## ACTIVITY
Return the stretch from the line with "arm—watch from anywhere" through the line with "四川康藏路橋有限責(zé)任" in the data below, character for character, skipping all pictures.
□ □ □ □ □ □ □
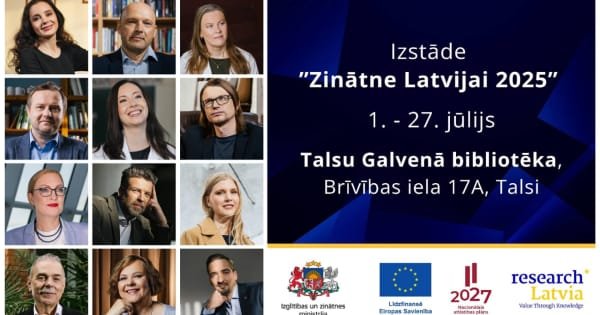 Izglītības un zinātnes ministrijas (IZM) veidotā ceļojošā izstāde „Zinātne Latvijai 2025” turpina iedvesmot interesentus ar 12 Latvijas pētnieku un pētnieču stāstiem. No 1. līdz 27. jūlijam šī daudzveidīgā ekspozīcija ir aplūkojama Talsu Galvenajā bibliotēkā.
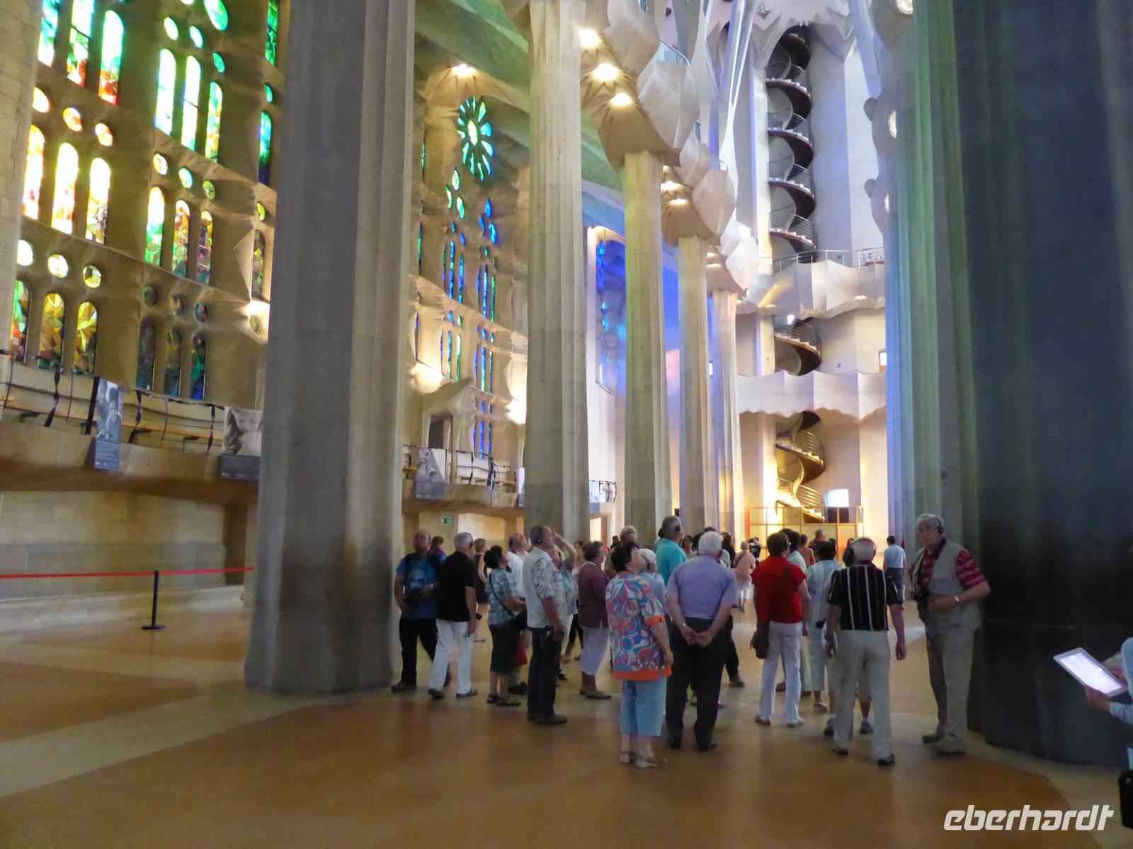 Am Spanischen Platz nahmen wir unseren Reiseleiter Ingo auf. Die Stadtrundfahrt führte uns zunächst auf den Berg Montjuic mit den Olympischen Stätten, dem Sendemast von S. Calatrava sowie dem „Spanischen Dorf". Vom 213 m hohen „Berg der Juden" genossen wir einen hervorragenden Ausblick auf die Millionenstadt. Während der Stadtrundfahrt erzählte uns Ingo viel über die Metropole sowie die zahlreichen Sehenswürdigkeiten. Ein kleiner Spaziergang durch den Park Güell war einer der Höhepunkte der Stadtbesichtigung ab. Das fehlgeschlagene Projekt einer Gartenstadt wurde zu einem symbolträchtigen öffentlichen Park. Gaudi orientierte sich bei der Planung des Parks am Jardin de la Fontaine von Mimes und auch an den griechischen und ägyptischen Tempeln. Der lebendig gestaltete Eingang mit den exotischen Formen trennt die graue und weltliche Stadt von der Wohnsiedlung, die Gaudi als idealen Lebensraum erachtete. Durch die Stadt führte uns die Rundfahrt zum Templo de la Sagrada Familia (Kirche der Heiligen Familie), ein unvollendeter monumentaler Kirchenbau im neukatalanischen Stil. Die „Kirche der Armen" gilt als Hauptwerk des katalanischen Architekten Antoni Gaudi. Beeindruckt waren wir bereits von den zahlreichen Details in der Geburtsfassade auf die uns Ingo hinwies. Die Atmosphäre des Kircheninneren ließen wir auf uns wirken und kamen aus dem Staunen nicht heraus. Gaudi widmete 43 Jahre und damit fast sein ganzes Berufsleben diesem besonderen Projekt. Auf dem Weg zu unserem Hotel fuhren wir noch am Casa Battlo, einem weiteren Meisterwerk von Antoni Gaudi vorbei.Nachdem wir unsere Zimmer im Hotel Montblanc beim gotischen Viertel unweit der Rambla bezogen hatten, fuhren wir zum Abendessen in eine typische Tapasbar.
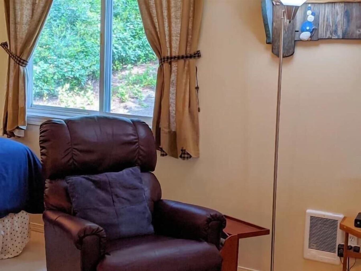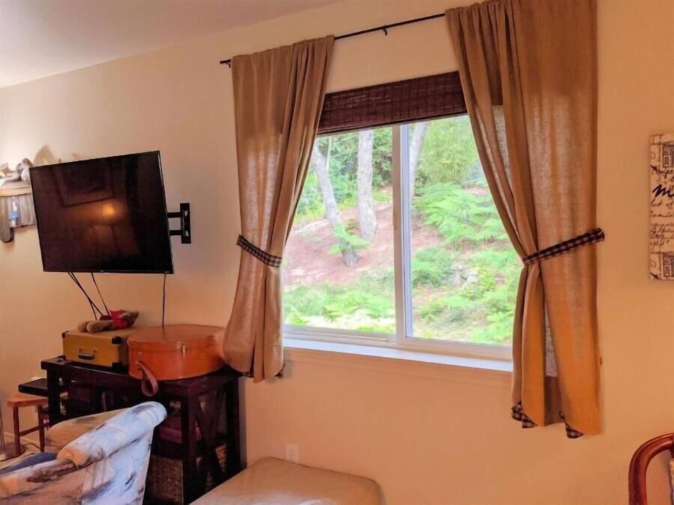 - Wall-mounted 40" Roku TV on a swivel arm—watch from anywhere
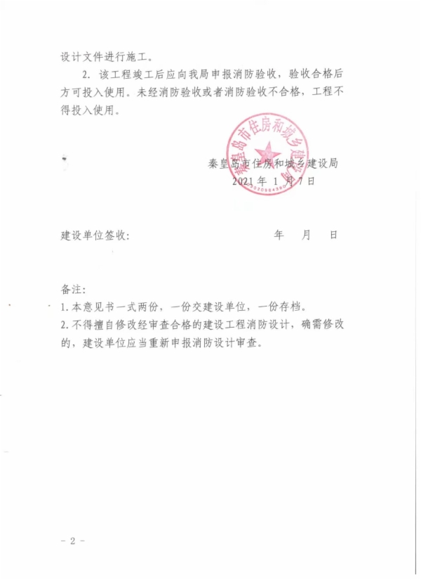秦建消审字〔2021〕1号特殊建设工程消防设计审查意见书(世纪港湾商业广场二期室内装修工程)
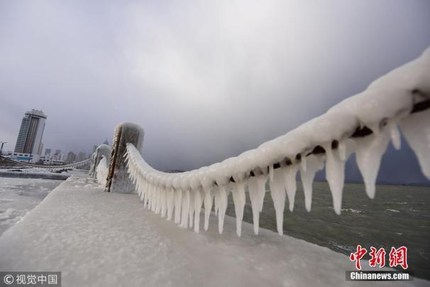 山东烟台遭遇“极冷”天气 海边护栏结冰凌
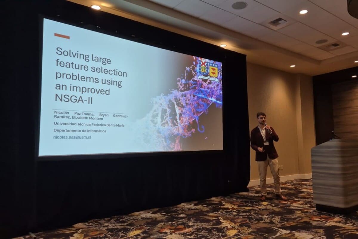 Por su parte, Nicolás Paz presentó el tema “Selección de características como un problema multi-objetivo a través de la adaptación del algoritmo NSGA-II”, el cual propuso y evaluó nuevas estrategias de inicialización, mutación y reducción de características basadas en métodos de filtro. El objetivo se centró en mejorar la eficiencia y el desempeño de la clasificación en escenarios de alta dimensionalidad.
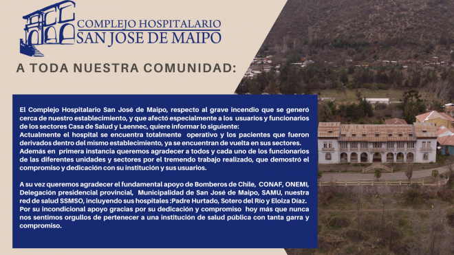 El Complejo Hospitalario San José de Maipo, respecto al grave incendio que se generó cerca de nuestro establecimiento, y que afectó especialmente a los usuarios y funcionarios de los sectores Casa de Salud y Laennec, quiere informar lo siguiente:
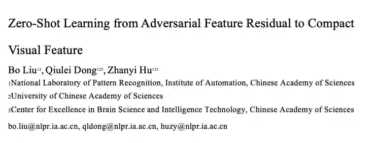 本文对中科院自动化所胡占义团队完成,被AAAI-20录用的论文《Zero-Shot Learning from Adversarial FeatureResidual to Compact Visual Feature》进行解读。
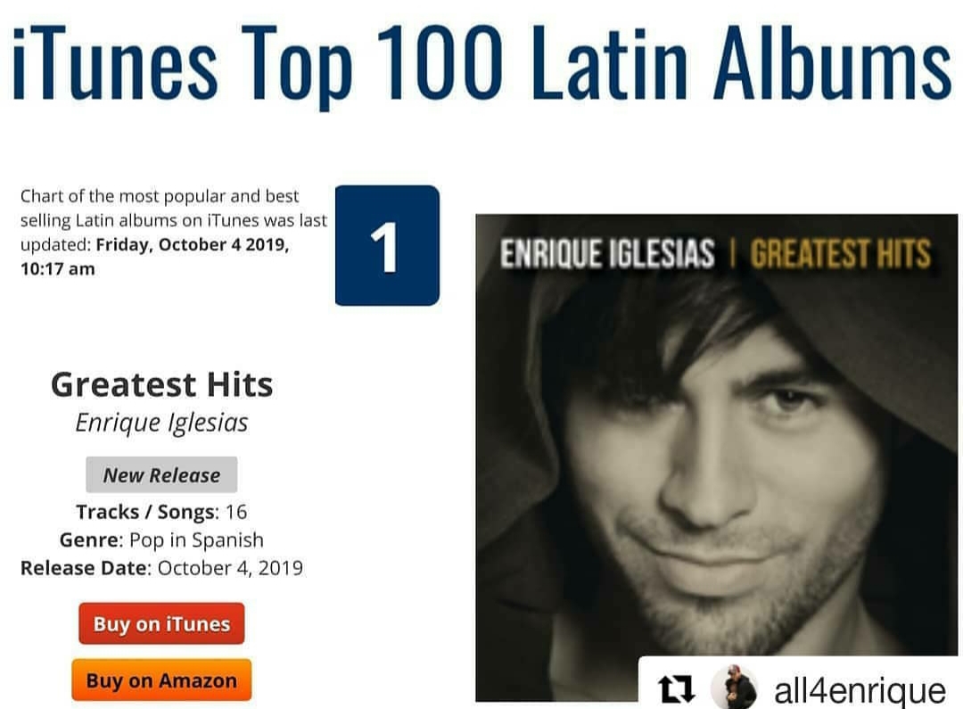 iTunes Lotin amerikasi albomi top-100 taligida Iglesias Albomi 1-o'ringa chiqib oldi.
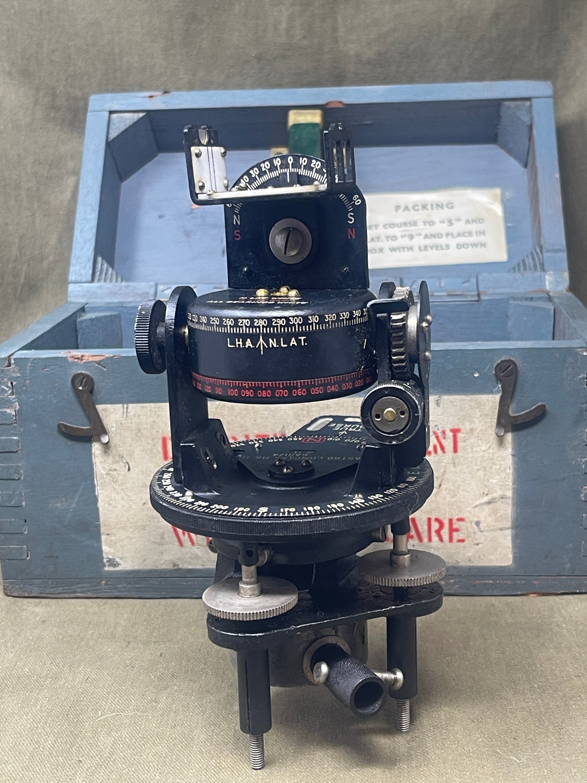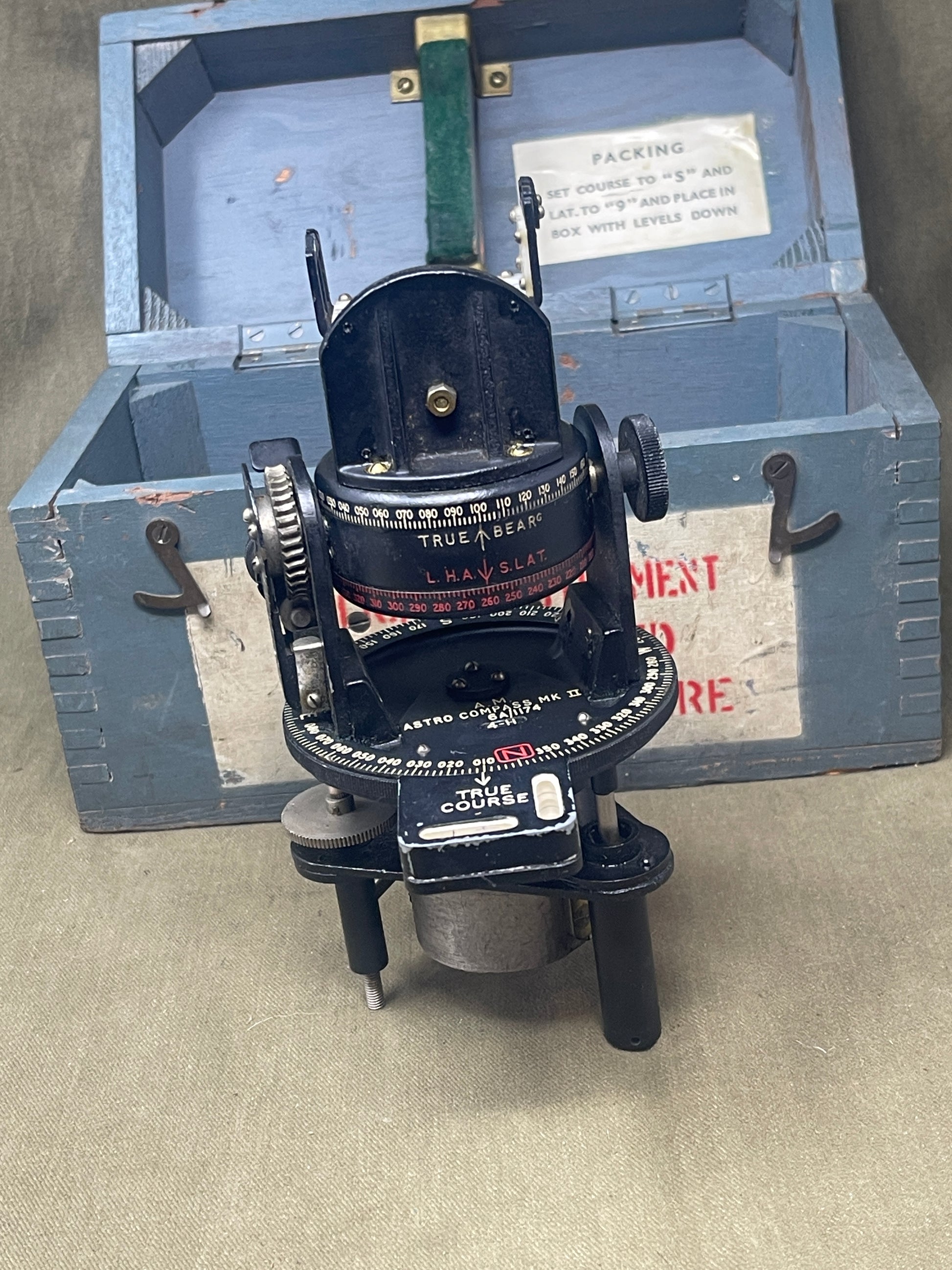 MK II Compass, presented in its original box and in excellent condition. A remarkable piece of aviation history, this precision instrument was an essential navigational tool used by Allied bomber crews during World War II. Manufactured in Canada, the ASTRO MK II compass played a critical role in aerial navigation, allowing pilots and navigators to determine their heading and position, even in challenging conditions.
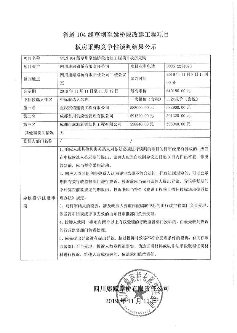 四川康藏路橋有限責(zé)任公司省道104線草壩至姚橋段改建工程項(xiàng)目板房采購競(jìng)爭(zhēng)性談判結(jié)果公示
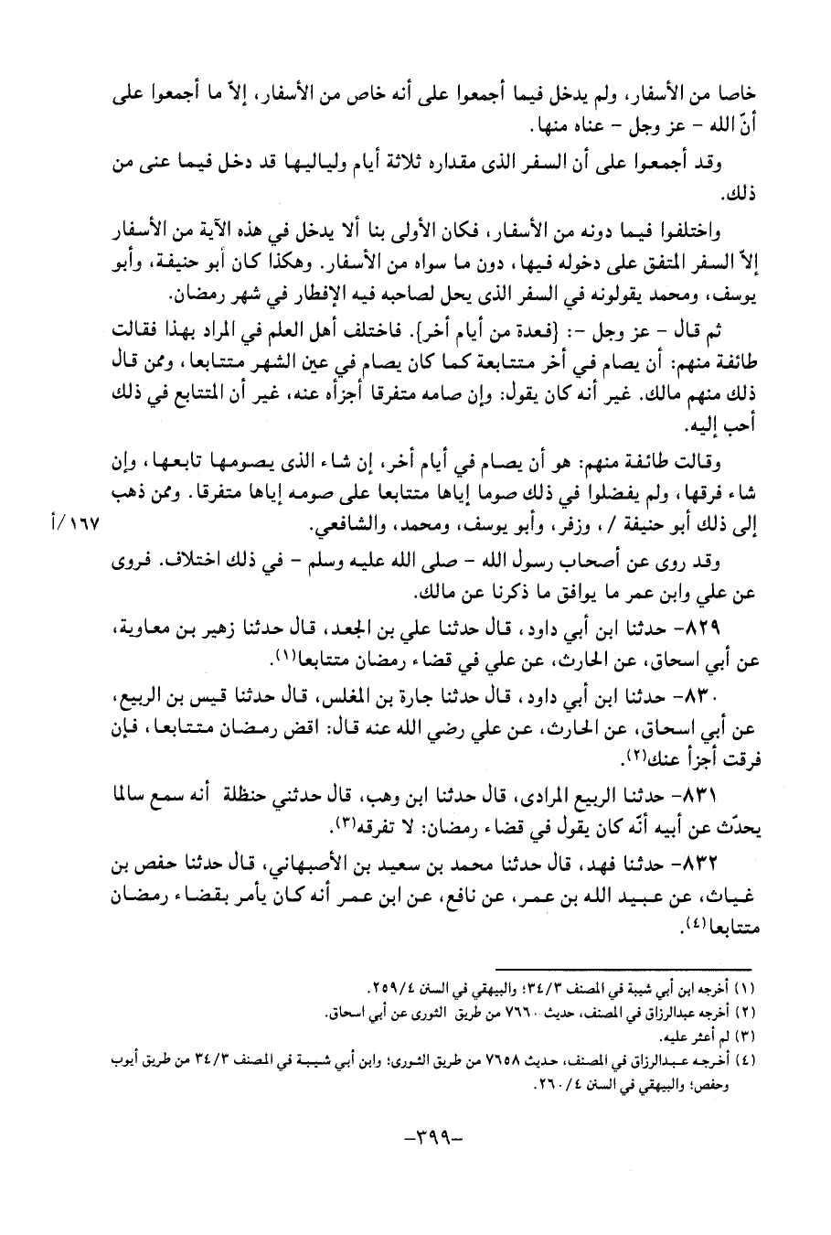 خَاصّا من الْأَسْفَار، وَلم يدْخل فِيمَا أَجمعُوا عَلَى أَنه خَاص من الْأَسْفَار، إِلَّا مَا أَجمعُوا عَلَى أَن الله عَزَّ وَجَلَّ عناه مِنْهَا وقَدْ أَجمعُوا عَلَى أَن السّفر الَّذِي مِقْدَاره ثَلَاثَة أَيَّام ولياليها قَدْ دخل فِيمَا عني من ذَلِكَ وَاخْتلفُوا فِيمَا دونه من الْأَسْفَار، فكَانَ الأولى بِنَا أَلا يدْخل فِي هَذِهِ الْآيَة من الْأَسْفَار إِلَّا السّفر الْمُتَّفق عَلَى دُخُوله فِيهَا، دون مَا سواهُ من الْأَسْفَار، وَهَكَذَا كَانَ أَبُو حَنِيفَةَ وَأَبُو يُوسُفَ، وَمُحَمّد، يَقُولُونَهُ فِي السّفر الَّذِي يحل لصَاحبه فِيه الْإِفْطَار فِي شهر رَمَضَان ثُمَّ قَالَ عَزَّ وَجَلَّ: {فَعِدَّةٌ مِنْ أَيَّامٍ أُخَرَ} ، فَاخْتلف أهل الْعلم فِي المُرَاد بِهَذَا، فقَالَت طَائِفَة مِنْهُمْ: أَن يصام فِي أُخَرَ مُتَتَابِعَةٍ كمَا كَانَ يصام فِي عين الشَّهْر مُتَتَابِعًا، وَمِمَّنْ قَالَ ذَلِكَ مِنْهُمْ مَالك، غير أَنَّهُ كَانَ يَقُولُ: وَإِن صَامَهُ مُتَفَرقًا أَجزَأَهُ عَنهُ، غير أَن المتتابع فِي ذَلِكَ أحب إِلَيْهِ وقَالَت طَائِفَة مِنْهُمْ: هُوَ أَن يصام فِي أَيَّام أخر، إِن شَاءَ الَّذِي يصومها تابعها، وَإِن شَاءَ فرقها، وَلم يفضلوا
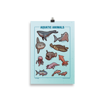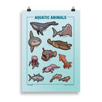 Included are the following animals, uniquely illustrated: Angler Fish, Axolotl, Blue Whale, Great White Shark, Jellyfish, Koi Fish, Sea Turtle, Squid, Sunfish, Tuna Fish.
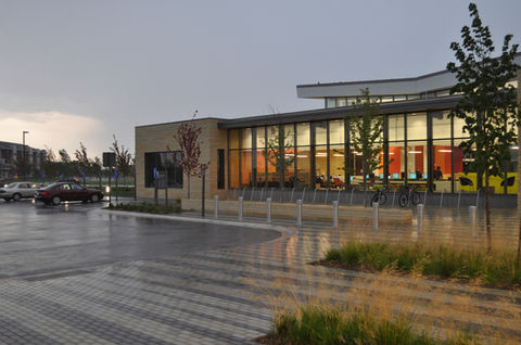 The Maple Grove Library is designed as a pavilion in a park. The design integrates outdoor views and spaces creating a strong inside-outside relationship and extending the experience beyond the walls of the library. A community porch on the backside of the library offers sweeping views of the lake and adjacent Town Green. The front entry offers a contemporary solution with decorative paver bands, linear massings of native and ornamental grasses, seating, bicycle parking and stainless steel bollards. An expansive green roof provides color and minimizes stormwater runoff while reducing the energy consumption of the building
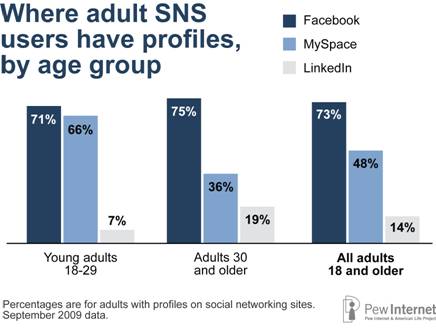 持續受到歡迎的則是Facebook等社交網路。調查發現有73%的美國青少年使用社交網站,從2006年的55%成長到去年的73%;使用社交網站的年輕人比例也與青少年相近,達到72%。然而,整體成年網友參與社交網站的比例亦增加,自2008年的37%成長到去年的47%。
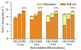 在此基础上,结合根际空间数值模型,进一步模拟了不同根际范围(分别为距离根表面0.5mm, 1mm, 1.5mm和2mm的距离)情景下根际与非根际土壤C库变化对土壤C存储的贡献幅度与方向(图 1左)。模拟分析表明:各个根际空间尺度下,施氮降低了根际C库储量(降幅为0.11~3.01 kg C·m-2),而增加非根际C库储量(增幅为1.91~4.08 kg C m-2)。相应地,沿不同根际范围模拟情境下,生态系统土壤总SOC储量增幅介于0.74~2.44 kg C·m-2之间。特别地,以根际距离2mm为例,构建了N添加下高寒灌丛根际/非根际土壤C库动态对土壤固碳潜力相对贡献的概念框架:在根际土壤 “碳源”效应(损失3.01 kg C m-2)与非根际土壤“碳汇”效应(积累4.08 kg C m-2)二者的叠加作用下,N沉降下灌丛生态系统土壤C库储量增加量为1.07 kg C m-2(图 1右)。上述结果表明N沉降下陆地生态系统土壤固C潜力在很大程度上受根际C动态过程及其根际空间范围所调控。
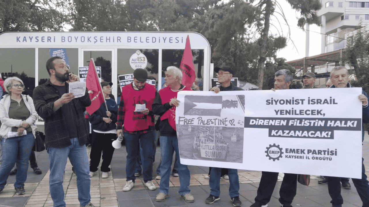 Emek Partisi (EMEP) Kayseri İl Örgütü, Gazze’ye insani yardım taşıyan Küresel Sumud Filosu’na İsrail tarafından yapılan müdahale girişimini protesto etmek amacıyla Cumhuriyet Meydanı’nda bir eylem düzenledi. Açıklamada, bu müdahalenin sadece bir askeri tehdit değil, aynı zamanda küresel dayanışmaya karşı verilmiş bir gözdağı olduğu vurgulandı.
□ □ □ □ □ □ □
## OUTPUT
 - Wall-mounted 40" Roku TV on a swivel arm—watch from anywhere
秦建消审字〔2021〕1号特殊建设工程消防设计审查意见书(世纪港湾商业广场二期室内装修工程)
 山东烟台遭遇“极冷”天气 海边护栏结冰凌
 Por su parte, Nicolás Paz presentó el tema “Selección de características como un problema multi-objetivo a través de la adaptación del algoritmo NSGA-II”, el cual propuso y evaluó nuevas estrategias de inicialización, mutación y reducción de características basadas en métodos de filtro. El objetivo se centró en mejorar la eficiencia y el desempeño de la clasificación en escenarios de alta dimensionalidad.
 El Complejo Hospitalario San José de Maipo, respecto al grave incendio que se generó cerca de nuestro establecimiento, y que afectó especialmente a los usuarios y funcionarios de los sectores Casa de Salud y Laennec, quiere informar lo siguiente:
 本文对中科院自动化所胡占义团队完成,被AAAI-20录用的论文《Zero-Shot Learning from Adversarial FeatureResidual to Compact Visual Feature》进行解读。
 iTunes Lotin amerikasi albomi top-100 taligida Iglesias Albomi 1-o'ringa chiqib oldi.
 MK II Compass, presented in its original box and in excellent condition. A remarkable piece of aviation history, this precision instrument was an essential navigational tool used by Allied bomber crews during World War II. Manufactured in Canada, the ASTRO MK II compass played a critical role in aerial navigation, allowing pilots and navigators to determine their heading and position, even in challenging conditions.
 四川康藏路橋有限責(zé)任公司省道104線草壩至姚橋段改建工程項(xiàng)目板房采購競(jìng)爭(zhēng)性談判結(jié)果公示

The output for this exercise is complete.